Jointly with RD12 we have studied systems for timing, trigger and control distribution and demonstrated the capability of time-division multiplexing the required signals and broadcasting them optically to 1024 receivers per laser transmitter with a recovered clock jitter of less than 100 ps. We plan to extend this work and, in conjunction with CERN ECP Microelectronics Group, to develop a demonstrator timing receiver ASIC which could be used in detector R&D projects.

Suggested milestones for the second year of the RD27 project are listed below.

### 8. Suggested Milestones

We propose the following milestones for the next year of the project:

- more detailed design studies for a first-level trigger system
- further design studies of calorimeter triggers and beam tests of prototypes; detailed studies of data-transfer techniques using high-speed links and zero suppression

- further design studies of muon triggers, addressing the issue of bunch-crossing identification in a large-area system; beam tests of a muon trigger prototype
- continued development of system components for timing, trigger and control distribution (with RD12). Specification of ASIC implementation of timing receiver in collaboration with CERN ECP/MIC and Padua University/INFN; if funding permits, fabrication of demonstrator chips
- design studies for a central level-1 trigger processor and development of demonstrator prototypes based on field-programmable gate arrays
- design studies for the level-1 level-2 trigger interface and development of demonstrator prototypes

### 9. Division of Work

The areas of responsibility of the participating groups are summarised in the following table.

|               | Physics<br>Simulat-<br>ion | Timing & Control | Central<br>Trigger | Calori-<br>meter<br>Trigger | Muon<br>Trigger | Level-1 /<br>Level-2 |
|---------------|----------------------------|------------------|--------------------|-----------------------------|-----------------|----------------------|
| Birmingham    | •                          |                  |                    | •                           |                 |                      |
| CERN          | •                          | •                | •                  | •                           |                 |                      |
| Heidelberg    | •                          |                  |                    | •                           |                 | •                    |
| Linkoping     |                            |                  |                    | •                           |                 |                      |
| Munich-MPI    | •                          |                  |                    | •                           |                 |                      |
| QMW, London   | •                          |                  |                    | •                           |                 |                      |
| RAL           |                            |                  | •                  | •                           |                 | •                    |
| RHBNC, London | •                          |                  |                    |                             |                 | •                    |
| Rome          | •                          |                  |                    |                             | •               |                      |
| Stockholm     | ٠                          |                  |                    | •                           |                 | •                    |

Areas of responsibility of groups.

# 10. Funding

In order to continue our initial programme of work we will require funding from CERN at the level of 100 kSFR in 1994. This covers the CERN activities both on the level-1 central trigger processor development, and on component and system prototyping for timing, trigger and control distribution. In making this request, we have taken into account the fact that work on the central trigger processor will move beyond the design phase during 1994, and require the construction of demonstrator prototypes.

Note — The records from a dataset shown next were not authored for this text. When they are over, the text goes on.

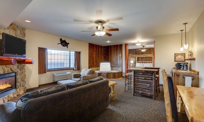 Welcome to our lodge-style hotel, blending rustic charm with modern comfort across 161 unique rooms. Enjoy amenities like our heated indoor/outdoor pool, fitness center, and complimentary hot breakfast. Relax at Palmer’s Pub for a local brew. Your memorable stay in the heart of the action awaits.
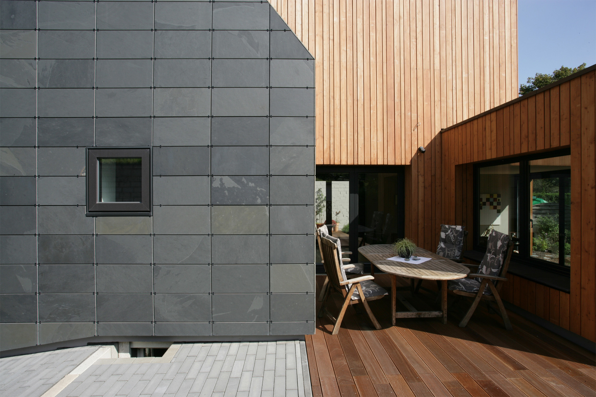 Schieferplatten verlegen fassade. Fassadenplatten werden meist auf einen Rahmen montiert. Von fern wirken sie wie eine flächig anschmiegsame Haut von nah betrachtet entsteht ein plastisch strukturiertes Oberflächenbild. Weitere Informationen unter httpwwwfassaden-dachde Die Zierer Schieferplatten aus glasfaserverstärktem Kunststoff gefallen durch ihr klassisches Aussehe.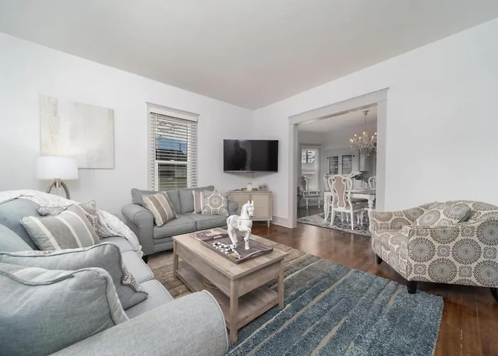 Cet établissement Relax At This Charming And Cozy Downtown Retreat dispose d'un patio et d'un coin salon, ainsi que d'un équipement de repassage pour un séjour confortable. Vous pourrez également bénéficier d'Internet à haut débit et d'une TV. Dotée de toilettes séparées et d'une baignoire, la salle de bains est également équipée d'un sèche-cheveux et des draps de bain.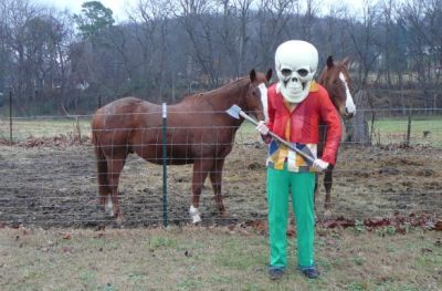 PB The costumed models are characters in some sense, but it’s more a generic theme reserved for our albums that are recorded using predominantly organic instrumentation. The characters in the “warrior-and-weapon” theme could relate to some recurring lyrical elements in the Pumpkin Buzzard universe, but that connection isn’t premeditated. The canine weapon being held on the cover of Horse Machine belongs to one of the band members.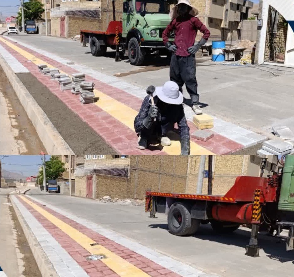 اجرای عملیات موزاییک فرش رفیوژ میانی خیابان ۲۰ متری محله چاووشی شهرضا

In addition, for the development of a timing, trigger and control receiver ASIC, which will be done jointly with RD12 and the ECP microelectronics group, we require 100 kSFR.

### 11. Publications from RD27

- N. Ellis, Level-1 and Level-2 triggering at LHC. Proc. CHEP92, CERN 92-07 pp. 51-56.
- N. Ellis, I. Fensome, J. Garvey, P. Jovanovic, R. Staley, A. Watson, E. Eisenhandler,
   C.N.P. Gee, A. Gillman, R. Hatley, V. Perera, S. Quinton, A calorimeter-based level-

- one electromagnetic cluster trigger for LHC. Proc. CHEP92, CERN 92-07 pp. 210-213.
- B.G. Taylor, Multichannel Optical Fiber Distribution System for LHC Detector Timing and Control Signals, Conf. Record IEEE Nuclear Science Symposium, Orlando, USA, 25-31 October 1992, pp. 492-494.
- N. Ellis, Level-1 and level-2 triggering at LHC. Presented at 3rd Int. Conf. on Calorimetry in HEP, Corpus Christi, Texas, USA, 29 September 2 October 1992.
- E. Eisenhandler, N. Gee, A. Gillman, V. Perera, S. Quinton, N. Ellis, I. Femsome, J. Garvey, P. Jovanovic, R. Staley, A. Watson, First level calorimeter trigger system for the LHC. Presented by V. Perera at IEEE Nuclear Science Symposium, Orlando, Florida, USA, 25-31 October 1992.
- E. Petrolo and S. Veneziano: "Use of GaAs circuits for first level muon triggering at LHC", presented by S. Veneziano at the 5th Topical Seminar on Experimental Apparatus For High Energy Particle Physics and Astrophysics, S. Miniato, Tuscany, 26–30 April, 1993, to be published in NIM.

### 12. RD27 notes

- RD27 note 1, October 1992: N. Ellis, Level-1 and Level-2 triggering at LHC.
- RD27 note 2, October 1992: J. Garvey et al., A calorimeter-based level-one electromagnetic cluster trigger for LHC.
- RD27 note 3, December 1992: B.G. Taylor, Multichannel optical fibre distribution system for LHC detector timing and control signals.
- RD27 note 4, October 1992: N. Ellis, Level-1 and Level-2 triggering at LHC.
- RD27 note 5, November 1992: V. Perera et al, First level calorimeter trigger system for the LHC.
- RD27 note 6, January 1993: C. Bohm et al, A bit-serial first-level calorimeter trigger for an LHC detector.
- RD27 note 7, March 1993: N. Ellis, Ideas for a local/global level-2 trigger system.
- RD27 note 8, April 1993: V. Perera, A first-level calorimeter trigger processor for the Large Hadron Collider.
- RD27 note 9, June 1993: J-P. Vanuxem and H. Wendler, Central trigger processor for the first-level trigger for LHC experiments.
- RD27 note 10, June 1993: V. Perera, Crate/Readout Controller (ROC).
- RD27 note 11, July 1993: I. Brawn, Preliminary investigations into bunch-crossing identification for the level-1 trigger.
- RD27 note 12, August 1993: R.E. Carney, The Level-1 Bit-Parallel Electromagnetic Trigger Processor. CERN Beam Tests November 1992.
- RD27 note 13, August 1993: A. Watson, Physics Simulation Studies of the First-Level Electron/photon Trigger.

## Acknowledgements

We express our thanks to ATLAS and CMS, and to other R&D groups with whom we have held useful discussions throughout the first year of the RD27 project. In particular, we thank RD11 (EAST) and RD16 (FERMI) for discussions on the interaction between the level-1 trigger with other parts of the trigger and DAQ system. We thank RD12 for providing us with test-bench modules and for their collaboration on the timing, trigger and control distribution system. We are particularly grateful to RD3 and to RD33 for allowing us to perform tests of our prototype processor using signals from their calorimeters, and for the extensive help we received for the tests.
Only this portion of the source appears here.